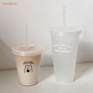 Bình Nước Nhựa Có Nắp Kèm Ống Hút Họa Tiết Dễ Thương
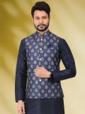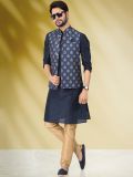Get set to look regal wearing this navy blue color kurta made in art silk. Comes with a blue color printed nehru jacket made in banarasi silk and beige color churidaar in art silk. Note: Some color variations may occur owing to photography causes. Up to 1 inch of measurement fluctuation is possible.
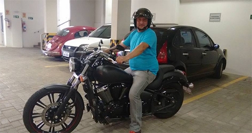 Olha só como o vereador Sidney Ribeiro, o “Tucano”, tem comparecido na Câmara de Campo Mourão. Isso mesmo: pilotando uma potente motocona de 900 cilindradas. Ele disse que já tem a moto há três anos. E dê-lhe vrummmmmmmmm...

→ **TRY IT**:
Pictures are not part of the copy; transcribe the rest of the data verbatim.

→ **ANSWER**:
 Bình Nước Nhựa Có Nắp Kèm Ống Hút Họa Tiết Dễ Thương
Get set to look regal wearing this navy blue color kurta made in art silk. Comes with a blue color printed nehru jacket made in banarasi silk and beige color churidaar in art silk. Note: Some color variations may occur owing to photography causes. Up to 1 inch of measurement fluctuation is possible.
 Olha só como o vereador Sidney Ribeiro, o “Tucano”, tem comparecido na Câmara de Campo Mourão. Isso mesmo: pilotando uma potente motocona de 900 cilindradas. Ele disse que já tem a moto há três anos. E dê-lhe vrummmmmmmmm...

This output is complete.